(Records provided)

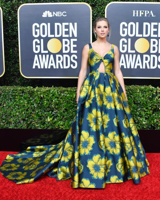 H Taylor Swift με floral gown του οίκου Etro σε μπλε και κίτρινο χρώμα.
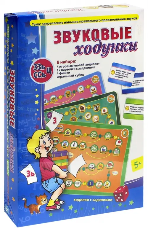 В наборе: 5 игровых "полей-ходилок", 12 карточек с заданиями, 4 фишки, игральный кубик.
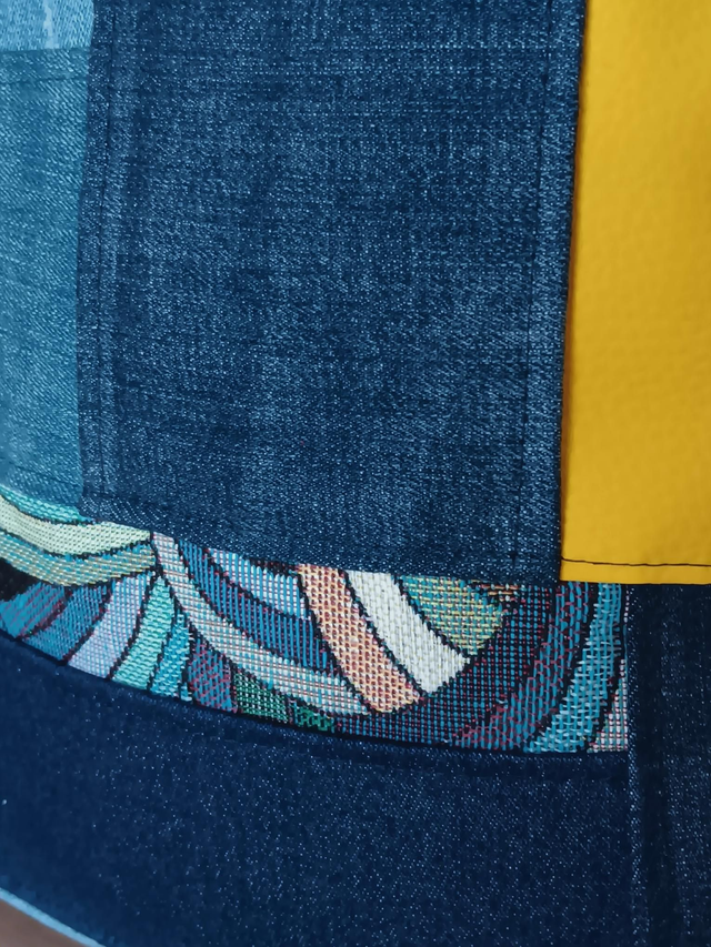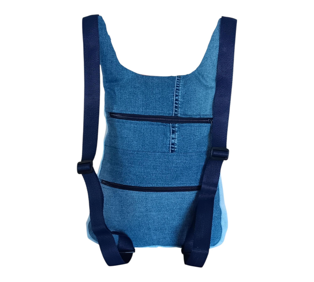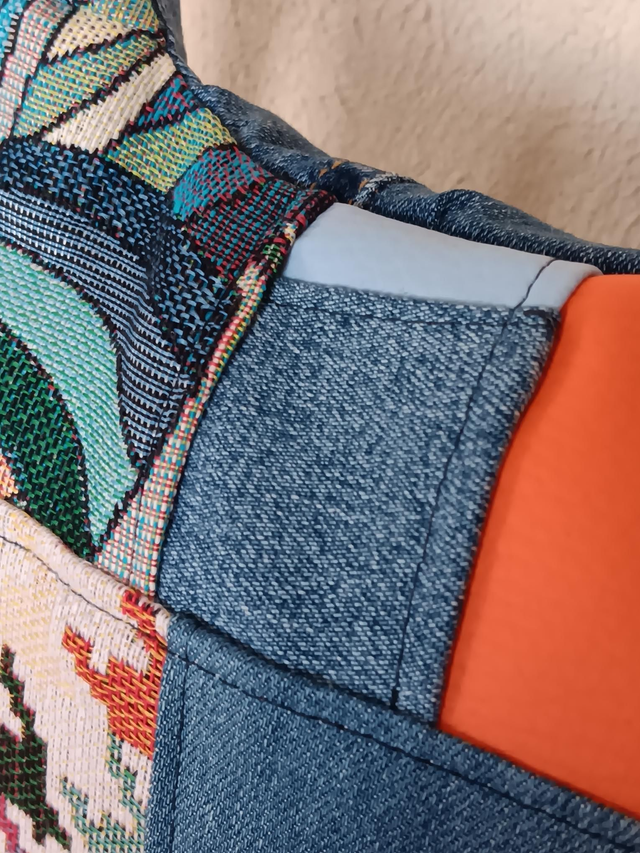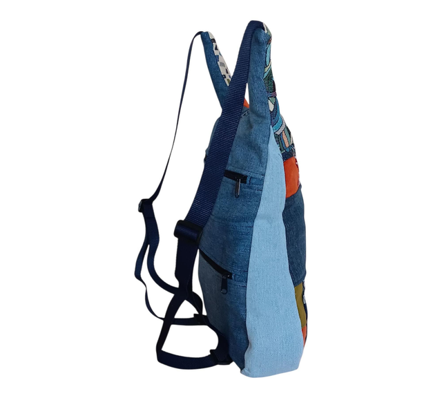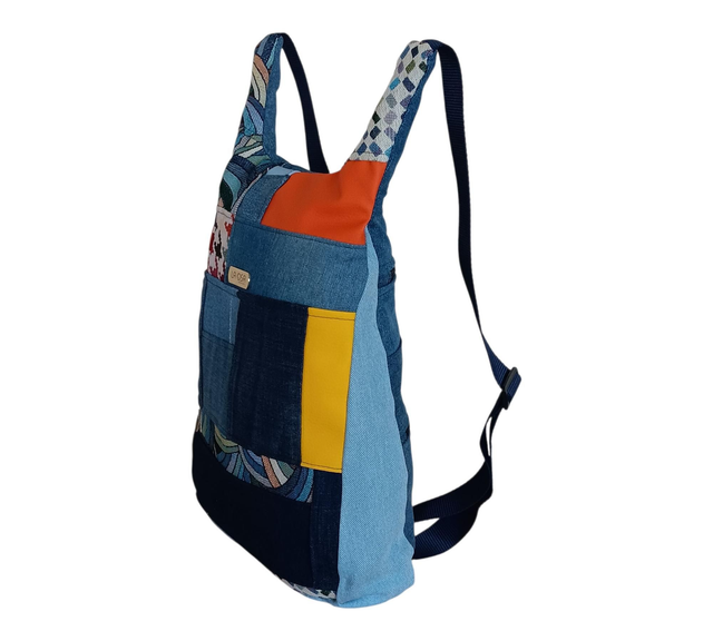 Una pieza única que combina sostenibilidad y estilo. Esta mochila está confeccionada a mano con telas recicladas: resistente vaquero, piel vegana de tacto suave y un delicado terciopelo que aporta un toque especial. Cada costura ha sido realizada con esmero, uniendo texturas distintas para crear un diseño exclusivo que no encontrarás en ninguna otra parte.
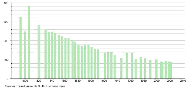 L'évolution du nombre d'habitants est connue à travers les recensements de la population effectués dans la commune depuis 1793. Pour les communes de moins de 10 000 habitants, une enquête de recensement portant sur toute la population est réalisée tous les cinq ans, les populations légales des années intermédiaires étant quant à elles estimées par interpolation ou extrapolation[24]. Pour la commune, le premier recensement exhaustif entrant dans le cadre du nouveau dispositif a été réalisé en 2008[25].
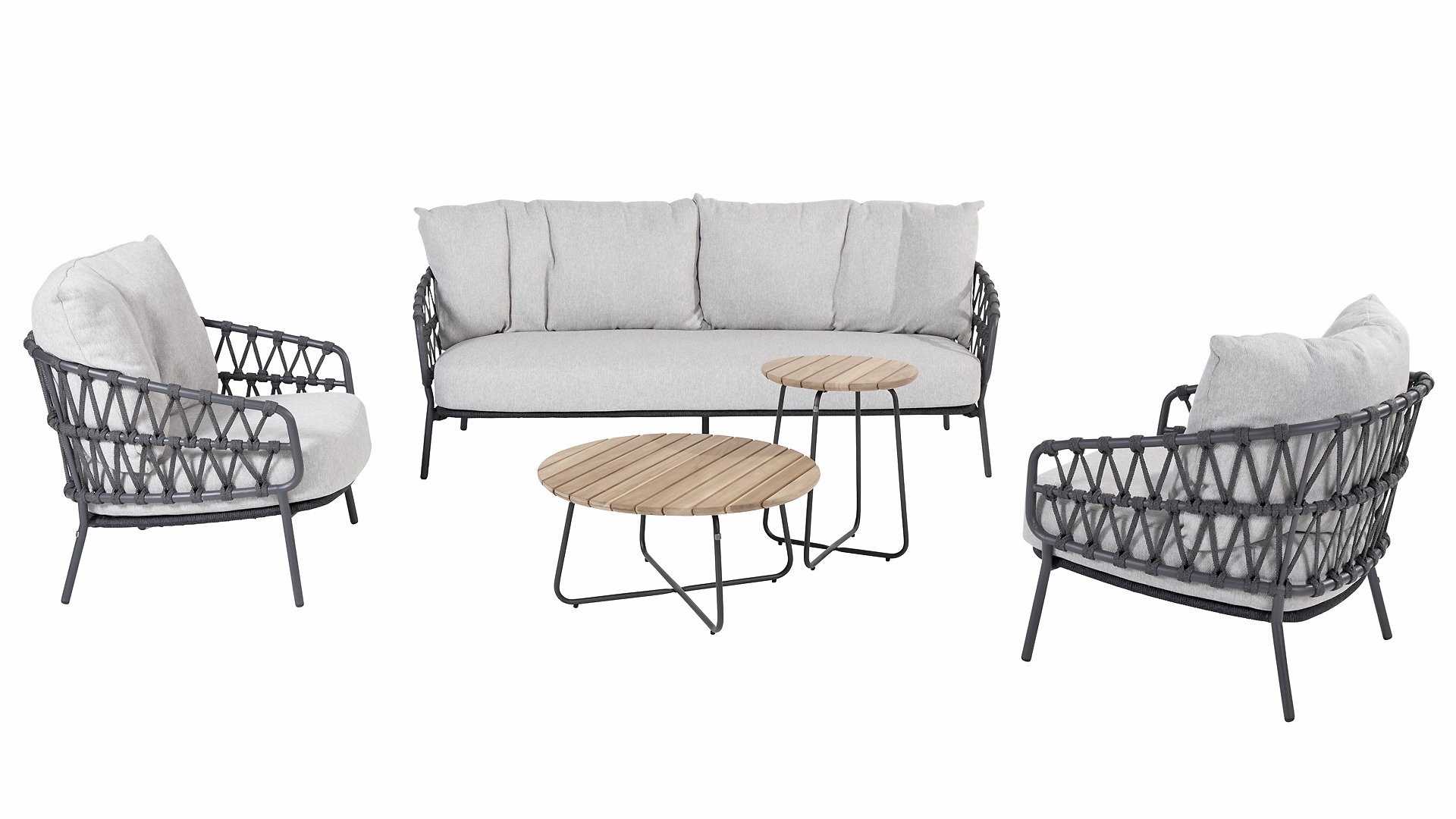 De 4Seasons Calpi Lounge bestaat uit een RVS onderstel met rope delen welke bestand zijn tegen verschillende weersinvloeden.

(End Records provided)

What you need to do:
Except for the pictures, set down each line of the records exactly as it appears.

Completed task:
 H Taylor Swift με floral gown του οίκου Etro σε μπλε και κίτρινο χρώμα.
 В наборе: 5 игровых "полей-ходилок", 12 карточек с заданиями, 4 фишки, игральный кубик.
 Una pieza única que combina sostenibilidad y estilo. Esta mochila está confeccionada a mano con telas recicladas: resistente vaquero, piel vegana de tacto suave y un delicado terciopelo que aporta un toque especial. Cada costura ha sido realizada con esmero, uniendo texturas distintas para crear un diseño exclusivo que no encontrarás en ninguna otra parte.
 L'évolution du nombre d'habitants est connue à travers les recensements de la population effectués dans la commune depuis 1793. Pour les communes de moins de 10 000 habitants, une enquête de recensement portant sur toute la population est réalisée tous les cinq ans, les populations légales des années intermédiaires étant quant à elles estimées par interpolation ou extrapolation[24]. Pour la commune, le premier recensement exhaustif entrant dans le cadre du nouveau dispositif a été réalisé en 2008[25].
 De 4Seasons Calpi Lounge bestaat uit een RVS onderstel met rope delen welke bestand zijn tegen verschillende weersinvloeden.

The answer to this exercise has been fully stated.